|
|
"John Fields" <jfields@xxxxxxxxxxxxxxxxxxxxx> wrote in message
news:l33f42pf3ng8t51dc7bjm11q5fo6i2kmcs@xxxxxxxxxx
> On Thu, 20 Apr 2006 08:30:14 -0400, "Greg Neill"
> <gneillREM@xxxxxxxxxxxxxxxxxx> wrote:
>
> >"Boki" <bokiteam@xxxxxxxxxxxxxx> wrote in message
> >news:1145526532.183920.52120@xxxxxxxxxxxxxxxxxxxxxxxxxxxxxxx
> >> Hi All,
> >>
> >> There is a PN diode, P connects 3.3V, N connects to ground.

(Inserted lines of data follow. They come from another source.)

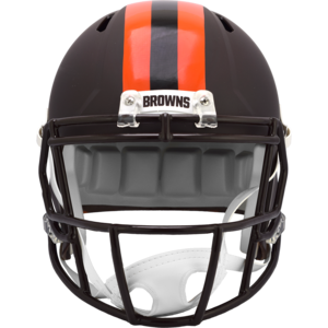 Based on one of the most popular on-field alternate designs, this collectible Speed Replica football helmet is made specifically for fans of the Cleveland Browns. At approx. 9.5 in. tall, this replica size display helmet is perfect for all football fans and great for autographs. The helmet features a medium size Speed shell, the S2BD-SW-SP face mask, a 4-point chinstrap, and official paint and decals. The perfect collectible or gift! SKU: 8059989
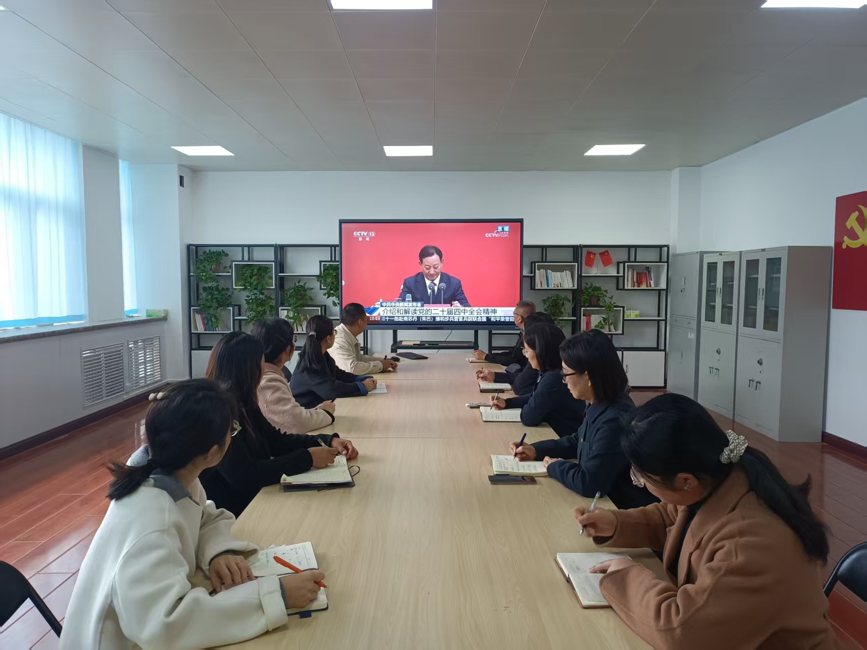 10月24日上午10时,黄色小说 在学院217室组织集中收看党的二十届四中全会精神新闻发布会,认真学习党的二十届四中全会精神。学院班子成员、教师代表参加会议。
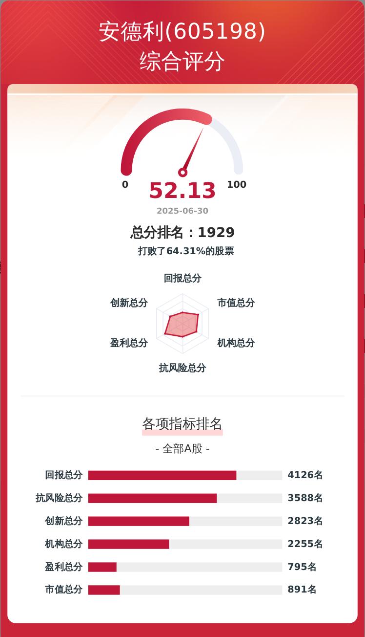上市公司研究院构建了一套上市公司韧性评价体系,从企业盈利、科技创新、股东回报、经营抗风险、市值表现及机构吸引力六个维度对企业进行量化评分,满分为100分。安德利的韧性评价总分为52.13分,在A股5405家可比上市公司中排名第1929位。
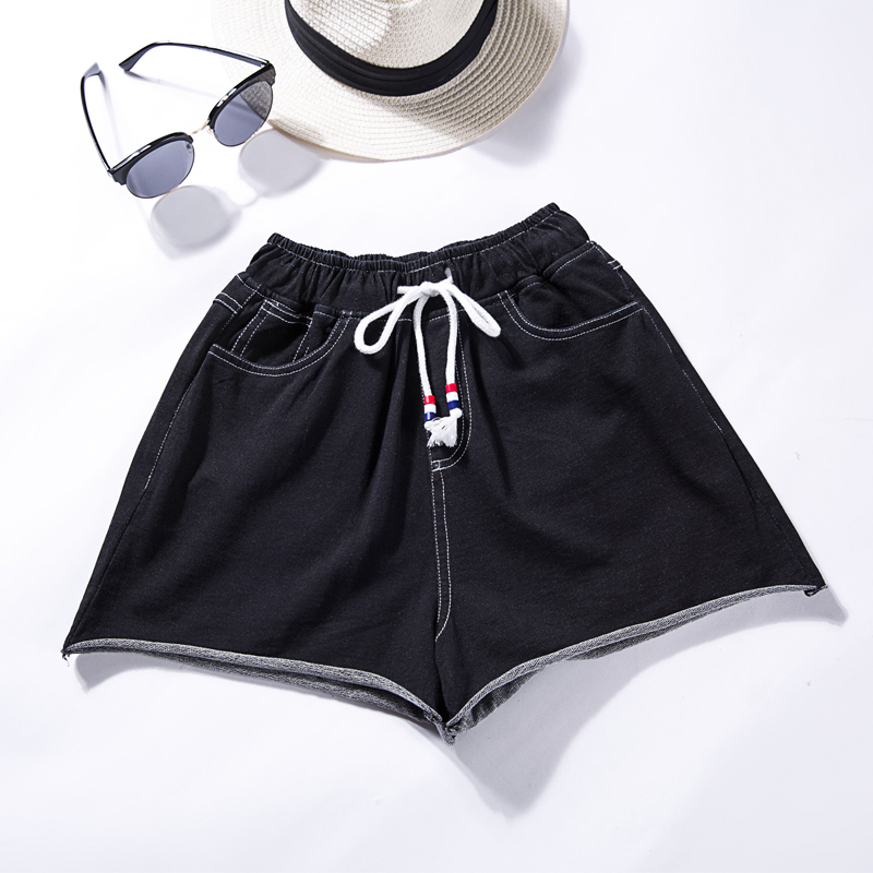 韓版松緊腰闊腿牛仔短褲女夏高腰寬松顯瘦休閑學生卷邊熱褲潮
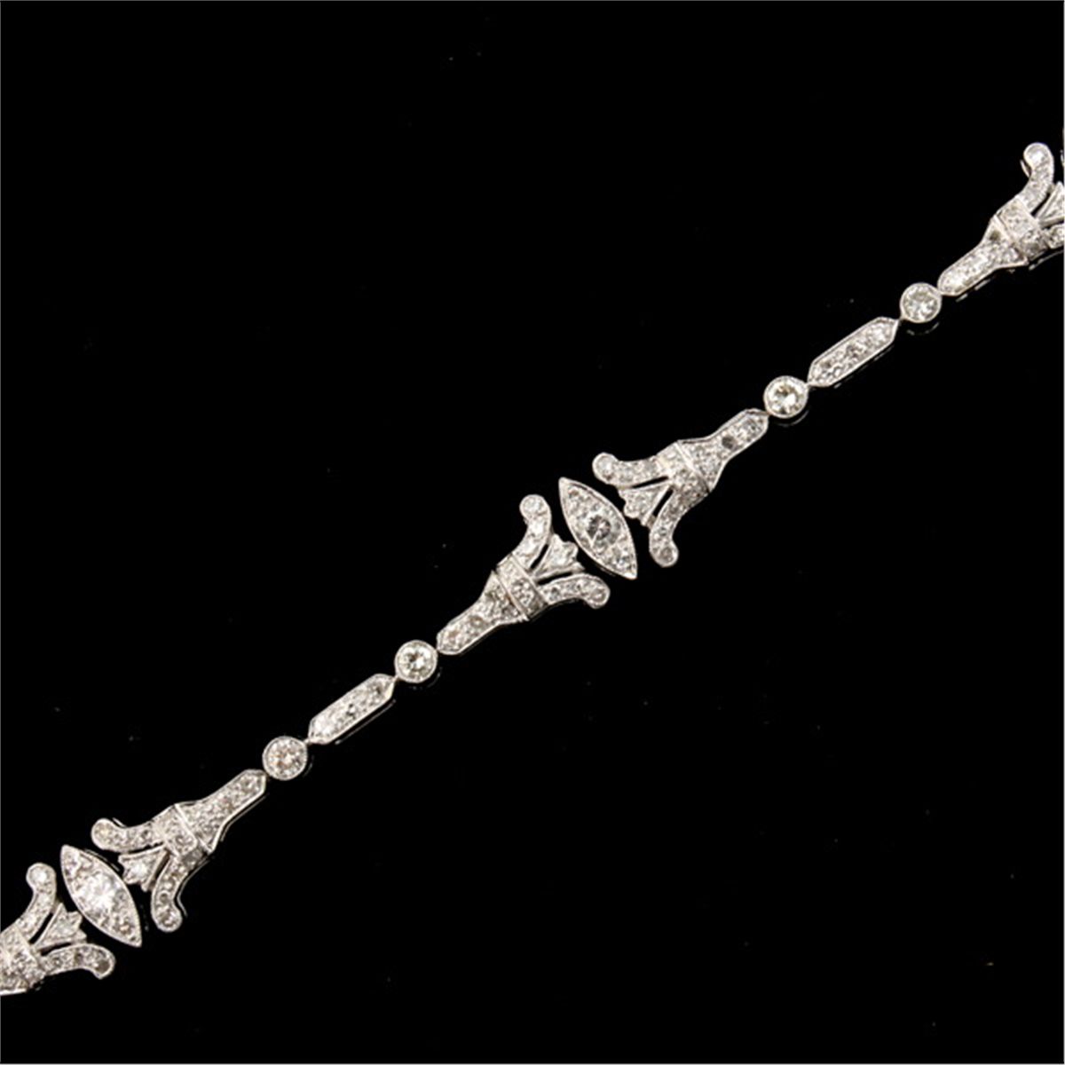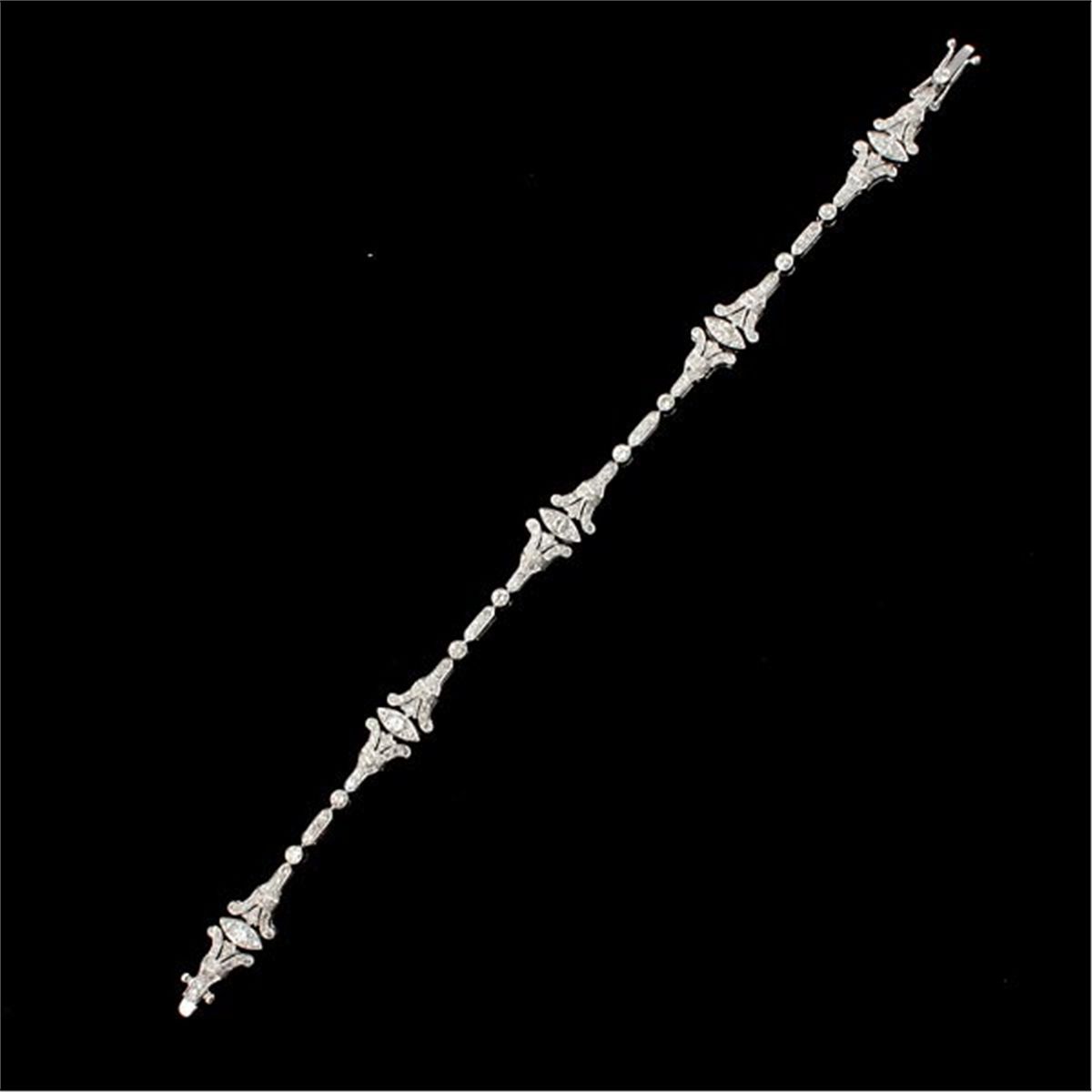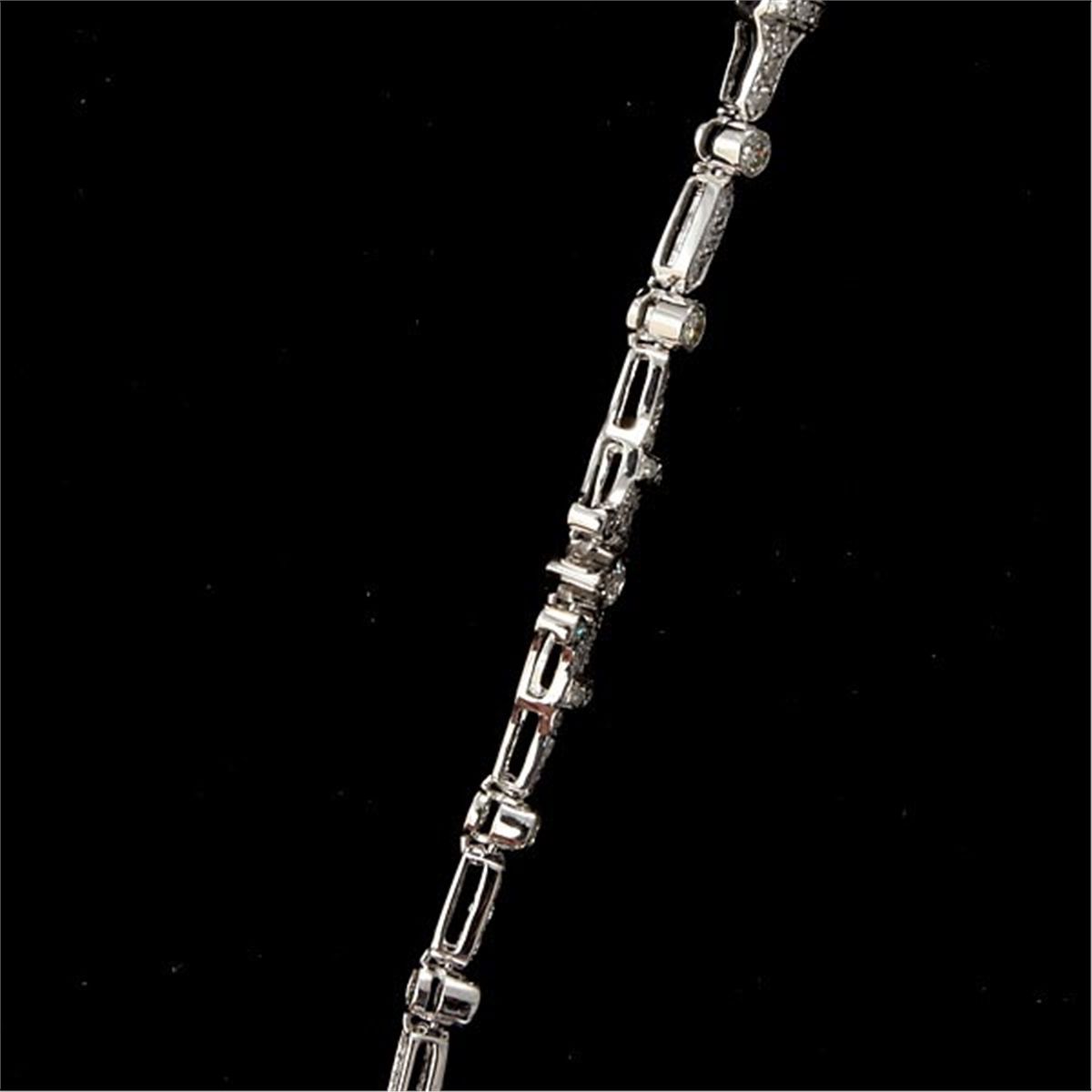 DIAMOND, 18K WHITE GOLD BRACELET. Featuring one hundred and twenty-three round-cut diamonds weighing a total of approximately 1.90 ct., bezel and bead set in an 18k white gold articulated mounting completed by a tongue and groove clasp with two figure eight safeties forming a 7 1/4 inch bracelet. 8.1 dwts

> >> We knew that Vf is 0.7V.
> >>
> >> How to explain that the measurement Vf ( P to N ) is 3.3V now but not
> >> 0.7V ...
> >
> >Diodes are not perfect... If you push enough current
> >through them, the voltage drop rises. Check out the
> >I vs V curve of the diode. Take a look at:
> >
> >http://www.st-andrews.ac.uk/~jcgl/Scots_Guide/info/comp/passive/diode/chars/chars.htm
>
> ---
> How much current would you have to feed through the diode to get a
> 3.3 volt drop across it in the forward direction?
Taking a typical 1N914B diode as an example, and assuming
a simple square-law model, the data sheet gives a maximum
forward voltage of 1V at 100mA which makes the model:
I = (100mA/1V^2)*Vf
So you'd need to push about 960mA across the junction. This
is not something that you'd want to do on a continuous basis!
But you could get away with it for short duration pulses (less
than a mSec).
If "Boki" is measuring 3.1V DC across the diode, it's not a
diode anymore.
|
|